Some other evidence of inconsistent results on DanceTrack is as follows:

  • In OC-SORT they also face ~0.5 HOTA instability. The situation will be more serious in the E2E model than in the heuristic algorithm.
  • Issue of MOTRv2 also reported the instability.

I found that the results on SportsMOT are more stable.

BTW, I suggest that you can re-run the DAB-D-DETR version again, and see what will happen. If it's depended on luck, I don't believe we will have such bad luck twice in a row.

One more thing, have you used --use-checkpoint during your training? I used to try to run this exp on 3090 24G, but when processing 5 frames, the CUDA memory will be insufficient.

One more thing, have you used --use-checkpoint during your training? I used to try to run this exp on 3090 24G, but when processing 5 frames, the CUDA memory will be insufficient.

Forget about it. I missed it in your reply. My fault.

Thank you very much for your detailed replies and for your efforts! I will keep the issue updated as soon as I:

  • re-run the DAB-DETR training
  • run the DeformableDETR training
  • validate the models on the DanceTrack test set
  • train on other datasets (e.g. SportsMOT)

My pleasure. Keep in touch~

If anyone else has tried to reproduce the experiments on DanceTrack, you can post your results here to give us more evidence.

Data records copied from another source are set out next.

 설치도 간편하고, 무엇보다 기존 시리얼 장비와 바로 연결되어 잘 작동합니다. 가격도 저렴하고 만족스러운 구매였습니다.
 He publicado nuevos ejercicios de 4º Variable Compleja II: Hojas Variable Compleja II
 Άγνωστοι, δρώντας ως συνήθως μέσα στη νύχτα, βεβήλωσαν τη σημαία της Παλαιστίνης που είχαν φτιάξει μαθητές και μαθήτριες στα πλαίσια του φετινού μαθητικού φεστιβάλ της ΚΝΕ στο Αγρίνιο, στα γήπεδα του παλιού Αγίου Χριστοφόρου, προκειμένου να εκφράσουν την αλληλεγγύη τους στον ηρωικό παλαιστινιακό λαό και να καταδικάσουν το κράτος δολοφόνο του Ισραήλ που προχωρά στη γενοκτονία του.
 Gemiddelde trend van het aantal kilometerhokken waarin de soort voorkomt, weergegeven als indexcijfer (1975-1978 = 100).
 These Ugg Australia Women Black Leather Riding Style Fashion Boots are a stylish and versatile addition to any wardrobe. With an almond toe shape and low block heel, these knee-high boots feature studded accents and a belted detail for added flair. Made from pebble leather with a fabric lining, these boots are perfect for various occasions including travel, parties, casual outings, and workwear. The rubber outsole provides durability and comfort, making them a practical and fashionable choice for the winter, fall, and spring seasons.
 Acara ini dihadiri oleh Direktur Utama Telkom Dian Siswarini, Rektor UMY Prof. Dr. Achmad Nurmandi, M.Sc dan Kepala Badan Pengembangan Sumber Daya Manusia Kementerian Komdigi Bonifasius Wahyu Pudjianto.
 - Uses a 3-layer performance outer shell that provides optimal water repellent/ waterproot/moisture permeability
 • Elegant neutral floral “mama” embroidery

Update: with MeMOTR deformable DETR I can get a performance that is reasonably close to that reported in the paper for DanceTrack val:

Paper My Run
HOTA DetA AssA HOTA DetA AssA
61.0 71.2 52.5 60.8 72.1 51.5

As you mentioned, there is quite some variance from one epoch to the other, but this result seems more satisfying than the one obtained with DAB-DETR :)

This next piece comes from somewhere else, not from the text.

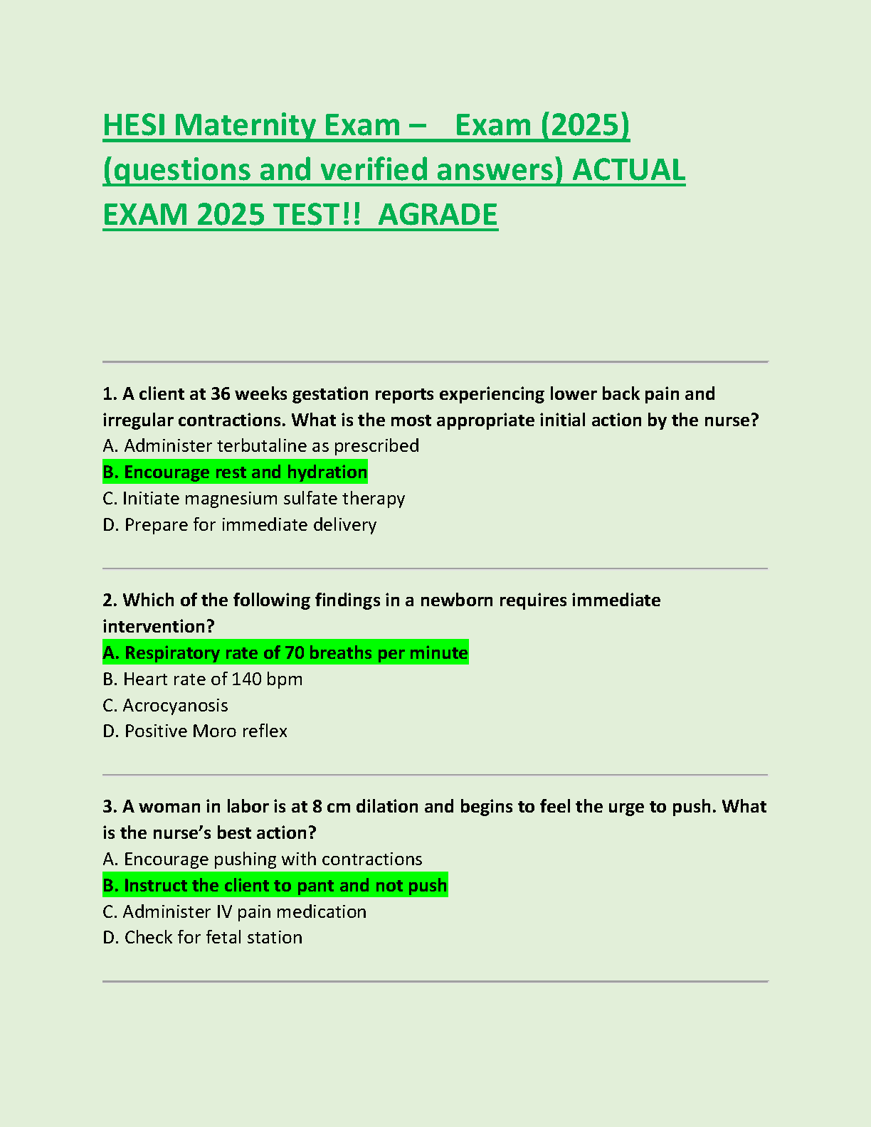 Ace your HESI Maternity Exam on the first attempt with our updated 2025/2026 test bank. This guide features a comprehensive collection of actual exam questions with verified answers, designed to help you master key maternity nursing concepts and secure an A-grade. Stop worrying about resits and confidently prepare for success with this essential study resource.

Nonetheless, it seems that the difference lies in the association accuracy

Thank you very much for your result. I believe it will help those who reproduce the experiments later to get more information beyond our paper.

In the past few days, I have used the code from this repository to conduct reproduction experiments. Due to the limitations of GPU resources (you know, a lot of exps for other work), I only reproduced the MeMOTR with DAB-D-DETR.

Here is my result:

HOTA DetA AssA
val 63.7 74.5 54.6
test 67.7 80.1 57.4

and my log.txt is here.

In my experience, this is an acceptable result on DanceTrack. However, to be honest, this instability is really frustrating. According to my previous exploration, careful adjustment of training strategies is required to alleviate this issue. But I don't have so many GPUs to repeat a large number of experiments (if you want to verify the stability of training, you need to conduct at least 3~4 times for a specific setting). If you or anyone else has any ideas or results about it, please feel free to discuss them with me. I'm also trying to alleviate this problem in the extended version.